Art and the Free South
BEHOLD THE LAND: THE BLACK ARTS MOVEMENT IN THE SOUTH
By James Smethurst
In the 1960s, the Free Southern Theater, an organization founded by a group of activists with the Student Nonviolent Coordinating Committee (SNCC), traveled to a church in a predominantly Black, rural corner of Mississippi. There they staged Samuel Beckett’s Waiting for Godot, an absurdist drama about characters conversing as they wait for someone who never arrives. The play may have seemed like a strange choice—who would imagine that Beckett might connect with rural Black Americans in the throes of the civil rights movement?—but it found at least one admirer in civil rights leader Fannie Lou Hamer. “I guess we know something about waiting, don’t we?” Hamer said from the audience.

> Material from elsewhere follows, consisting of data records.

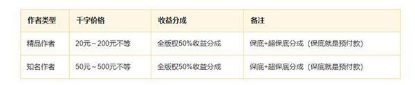1、千字价格及收益分成
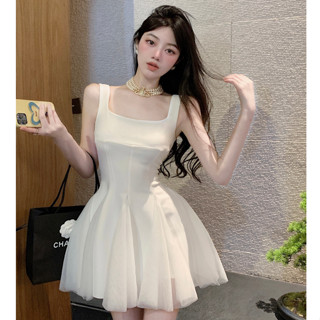 Đầm Dáng Chữ A Không Tay Ôm Eo Đính Kim Cương Màu Trắng Phong Cách Hàn Quốc Cao Cấp
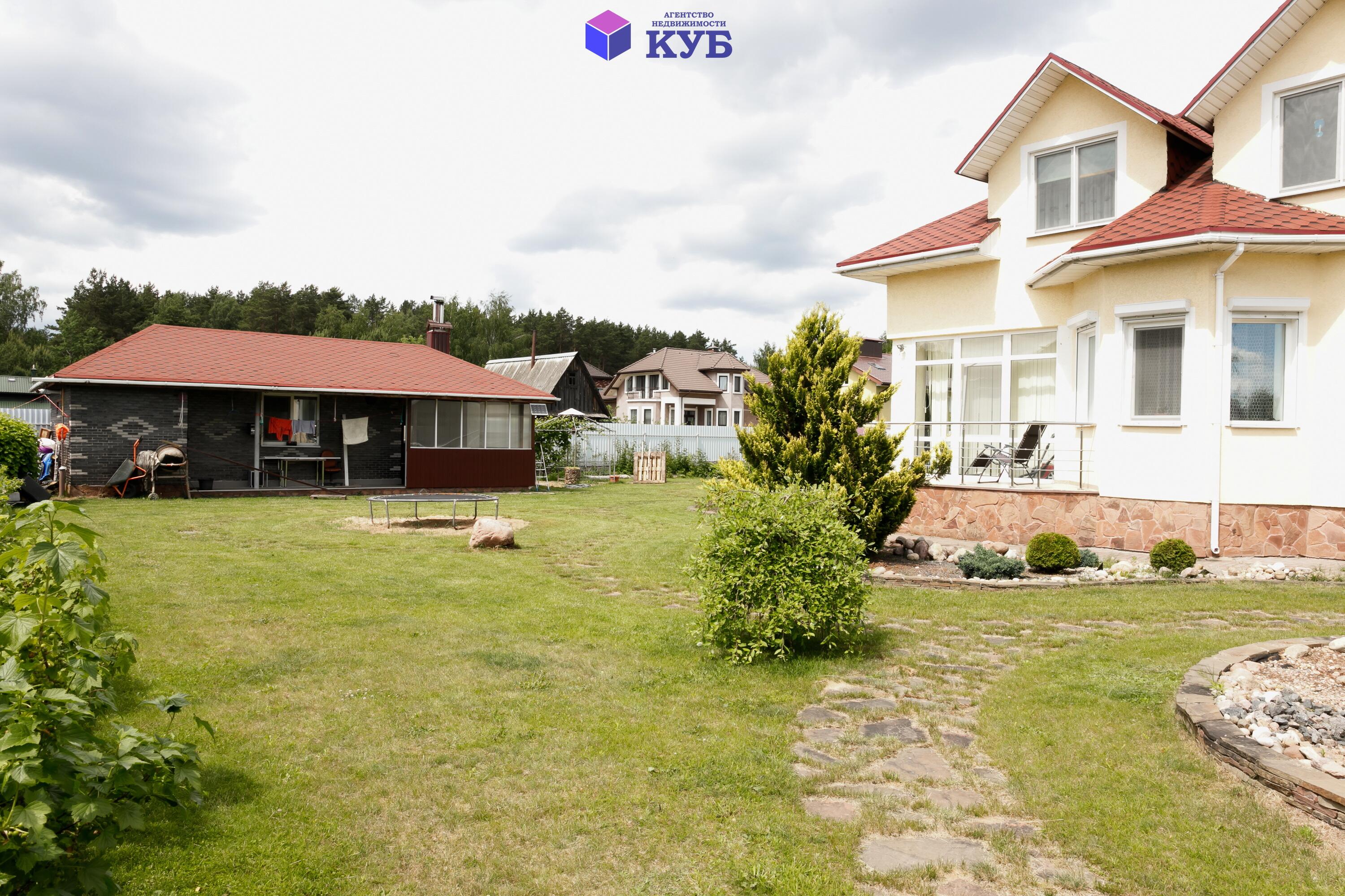 Продаётся коттедж 329 кв. м(с цокольным этажом 86 кв. м и тёплым гаражом на два авто) и гостевой дом с банькой (хозблок) 72 кв. м в п. Колодищи в районе полигона в 6 км. от Минска.

Everyone agreed, and as they discussed the play, the conversation eventually turned to slavery and prisons. “We had this incredible discussion with people who barely had a sixth-grade education,” Denise Nicholas, an actress in the Free Southern Theater, said later. And drama—even high-modernist, experimental drama—functioned as political education.
This was the Free Southern Theater’s goal. As cofounder John O’Neal recalled of its creation:
We claimed to be playwrights and poets; yet the political facts of life presented by the situation we first learned of in the South called for a life of useful (political or economic) engagement. How could we remain true to ourselves and our own concerns as artists and at the same time remain true to our developing recognition of political responsibility?
Their answer was a theater group that aimed, as another cofounder, Doris Derby, put it, “to take the plays out to the rural areas, go around and perform out in the cotton fields or in the churches.” They did so out of the belief that, as Nicholas later explained, “the theater, the images, the language, the physicality of it would open doors in people’s minds that they didn’t necessarily need to read a lot of books to get to.” For the Free Southern Theater’s members, bringing the stage to the countryside made political education accessible while enabling artists to participate in politics.
As James Smethurst chronicles in Behold the Land: The Black Arts Movement in the South, the Free Southern Theater was just one of a number of institutions that sought to marry art with local Black Power politics in the South. In a sweeping history of arts institutions from the 1930s to the ’80s, the book tells the story of how the turn to Black Power politics in the ’60s produced a corollary Black Arts Movement that was especially long-lasting in the South. The Black Power and Black Arts movements, in Smethurst’s account, were “so twinned and joined at the hip that it is impossible, really, to tell where one begins and the other ends.” While Black Power generally aimed to develop Black autonomy rather than gain inclusion in American society, the Black Arts Movement sought to produce a culture that valued Black people and used cultural forms like theater to encourage their entry into Black Power politics.